What Is Modal Sandbox
Modal is a serverless compute platform built for Python workloads. It handles inference, training, batch processing, and scheduled jobs. In 2024, Modal added Sandboxes: isolated containers for running untrusted code from LLMs, users, or third-party sources.
The sandbox is a container that runs on gVisor, executes arbitrary commands, and returns stdout, stderr, and exit codes. You create it from the Modal Python SDK, run commands inside it, and tear it down when finished. Files written inside the sandbox stay within that container unless you mount a Modal Volume for persistence.
For teams already on Modal, adding sandboxed code execution takes a few lines of Python. For teams evaluating sandbox providers from scratch, the question is whether Modal's general-purpose compute platform is the right tool for a specific job: safe, fast, AI agent code execution.
Modal's Position in the Sandbox Market
Modal is one of four platforms commonly used for AI agent code execution, alongside E2B, Morph, and Fly.io. Modal is the only one that also handles GPU workloads natively. But it is also the only one not purpose-built for sandboxing, which shows up in cold start times, SDK coverage, and state management ergonomics.

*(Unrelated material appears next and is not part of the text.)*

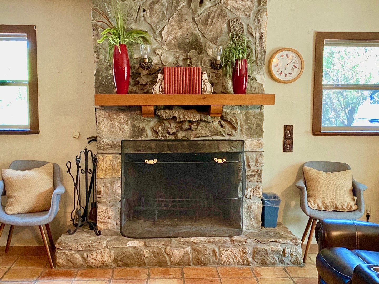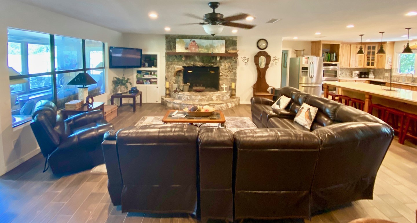 The main hacienda has superb, multi communal living spaces where everyone can gather to eat, watch tv, talk and play games. The Living Room has saltillo tile floor, new leather sofa and floor to ceiling river rock fireplace. The Family Room has a large leather sectional sofa, game table, overflow frig, piano & a second floor to ceiling rock fireplace.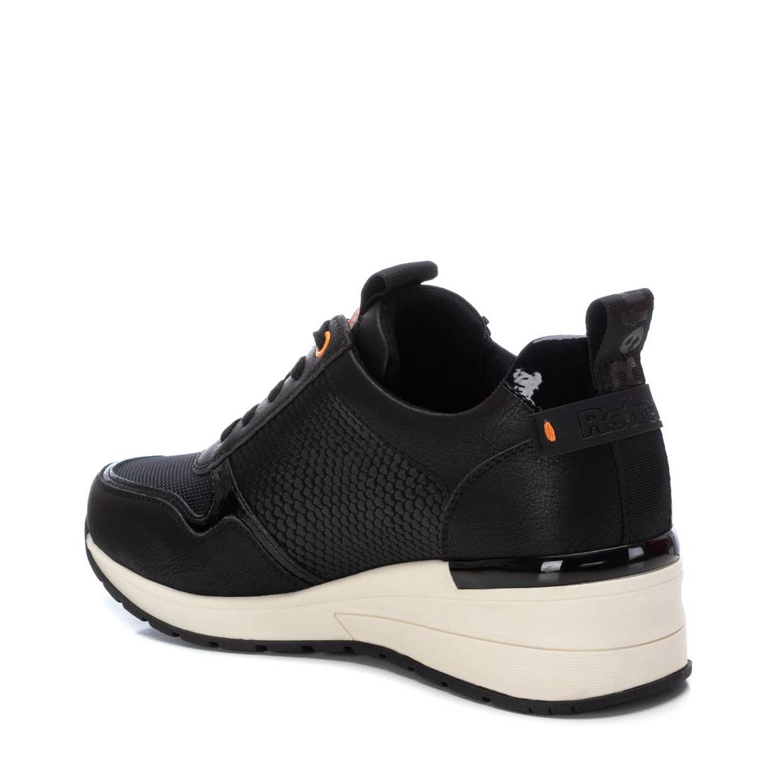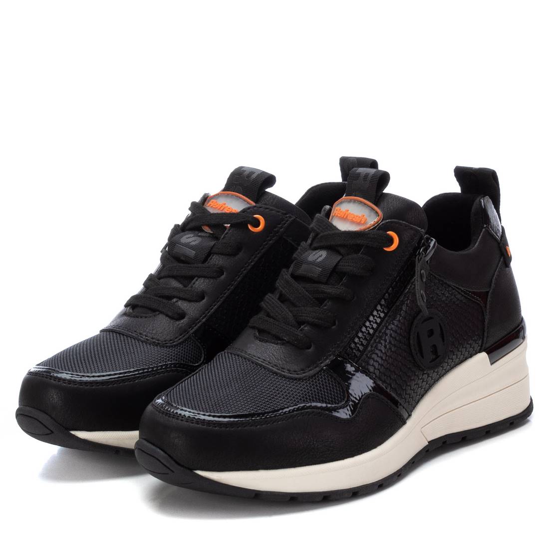 Zapatilla de mujer, de la marca Refresh. Fabricada en material que imita la piel. Cierre mediante cremallera lateral y cordones ajustables. Tirador trasero para facilitar la puesta. Cuña de 5 cm que te permitirá subir unos centímetros sin perder comodidad. Suela de goma antideslizante. Este modelo ha obtenido el certificado vegano por la organización mundial PETA (Organización de los derechos de los animales).

How gVisor Isolation Works
Modal sandboxes run on gVisor, an open-source container runtime from Google. gVisor inserts a user-space kernel (called Sentry) between the containerized application and the host kernel. When code inside the sandbox makes a system call, Sentry intercepts it, validates it, and either handles it in user space or proxies a safe subset to the host.

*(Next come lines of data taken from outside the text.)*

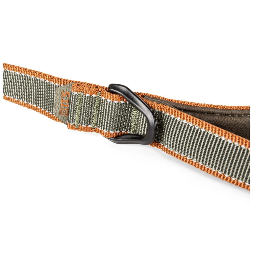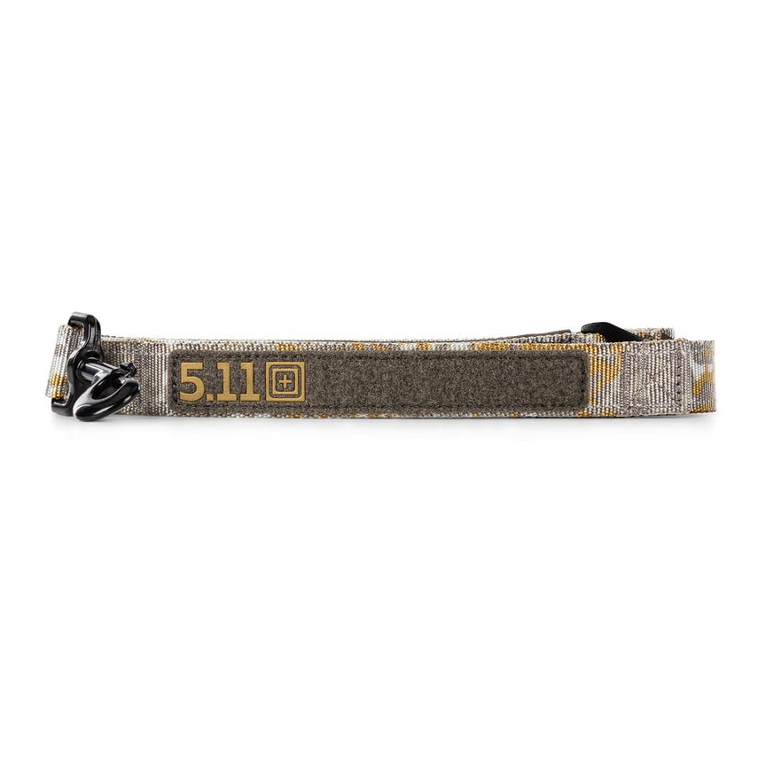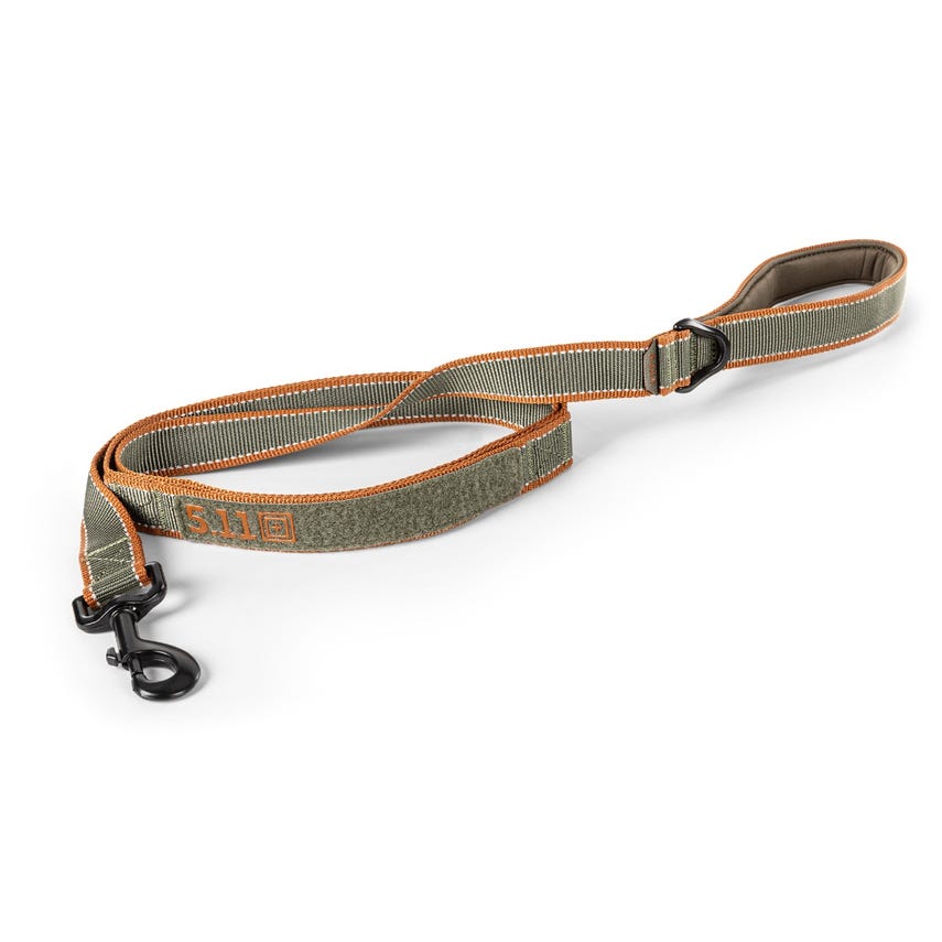 The Mission Ready™ Dog Leash is a 5' length working lead with a padded neoprene end handle and a secondary web handle near the hook end for closer control. At the base of the padded handle is an accessory V ring for the ubiquitous "to go" bags and a loop panel on the back of the web handle for nametape.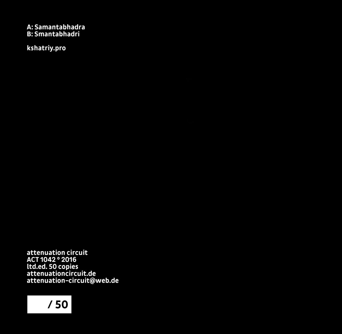 The first part of this release, "Samantabhadra", starts as a something between a drone and a loop as the resonances of the drone periodically emerge as in a loop and develops quietly letting all sounds unfold without any contrast but using this predictability as a mean to let the listener concentrate on sound, so even when it starts a sort of noisy deviation from this path after a while it's stopped to let the track end in an almost perfect circle with the start. The second part, "Samantabhadri", uses a small metallic beat as the centre of the track as all sounds revolves around this beat so a sense of time passing became the focus of the track until this beat stops and this release ends in silence.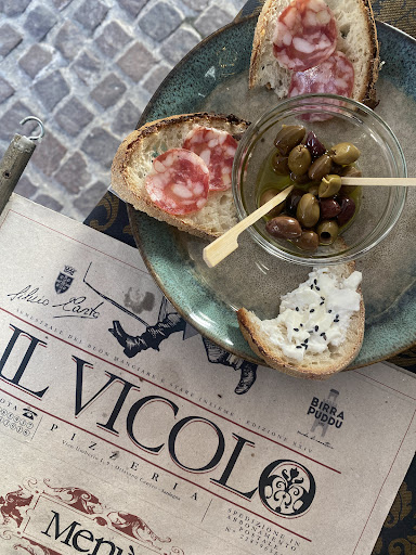 Read morePrima volta alla pizzeria Il Vicolo in occasione di una grande tavolata di famiglia. Fino a quel momento avevo sentito pareri entusiastici ed ero abbastanza curiosa di provare. Devo riconoscere che l'intera 'esperienza" è andata oltre le aspettative: non mi sento di definirla una comune pizzeria, ma un locale delizioso, dove materie prime di altissima qualità, prevalentemente del territorio, e creatività nel rivisitare la tradizione (vedi la pizza cotta in acqua) hanno un peso fondamentale e collocano Il Vicolo una spanna sopra a tutte le pizzeria della zona. Pizza lievitata, cotta e condita alla perfezione, proposte sia classiche sia originalissime, ma rigorosamente studiate per un accostamento di ingredienti equilibrato e non banale. I dolci sono fatti in casa ( tiramisù da perdere la testa). Il servizio è stato rapido e accurato: si tratta di un posto informale, come si addice a una pizzeria, ma cameriere e titolari non mancano di mostrare pazienza e professionalità. Le mura sono quelle del centro storico di Oristano e, coerentemente con il contesto, gli arredi sono curati nei minimi dettagli, dando al locale un aspetto squisitamente retrò. Aspetto per niente scontato: servizi igienici pulitissimi. Consiglio di andarci, tornarci e...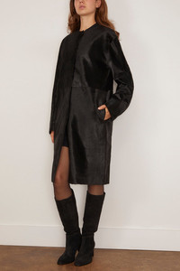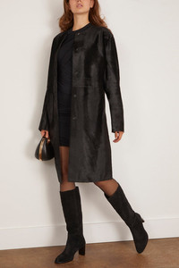 The Loulou de Saison Miller Calfskin Coat will be in your wardrobe for years to come. This coat is crafted in beautiful pony-effect leather with a straight silhouette an concealed placket for a streamlined look. Wear yours over a sweater and trousers. FIT DESCRIPTION MODEL MEASUREMENTS - Fits true to size, take your normal size - Coat - Straight silhouette - Knee length - Collarless - Concealed button placket - Pony-effect leather - 100% Calfskin - Rayna is wearing a size 34/ 2 US - Bust: 34” - Waist: 24” - Hips: 32” - Height: 5’8.5”

This is different from how other sandbox providers handle isolation. E2B uses Firecracker microVMs, which boot an entire guest kernel on top of KVM hardware virtualization. Each E2B sandbox is a separate virtual machine. Standard Docker containers share the host kernel directly, providing namespace-level isolation but no syscall filtering.
gVisor (Modal)
User-space kernel intercepts system calls. Stronger than container namespaces, lighter than full VMs. The syscall interception layer adds some overhead per call. Some Linux syscalls are unsupported, which can break certain native libraries.
Firecracker microVM (E2B)
Each sandbox gets its own guest kernel running on KVM. Hardware-level isolation boundary. Untrusted code cannot reach the host kernel even if it escapes the container. Higher resource overhead per sandbox, but the strongest isolation guarantee available.
Container Namespace (Docker)
Shares the host kernel. Uses cgroups and namespaces for resource and visibility isolation. No syscall filtering by default. A kernel exploit in the container can compromise the host. Not recommended for running LLM-generated code in production.
gVisor Tradeoffs
gVisor provides a practical middle ground. It blocks most kernel exploits because untrusted code never touches the real kernel. But syscall interception adds latency to I/O-heavy workloads. Some Linux syscalls are not implemented in gVisor's Sentry, which means certain C extensions and native libraries fail with obscure errors. If your agent generates code that uses ptrace, raw sockets, or certain ioctl calls, it will not work inside a gVisor sandbox.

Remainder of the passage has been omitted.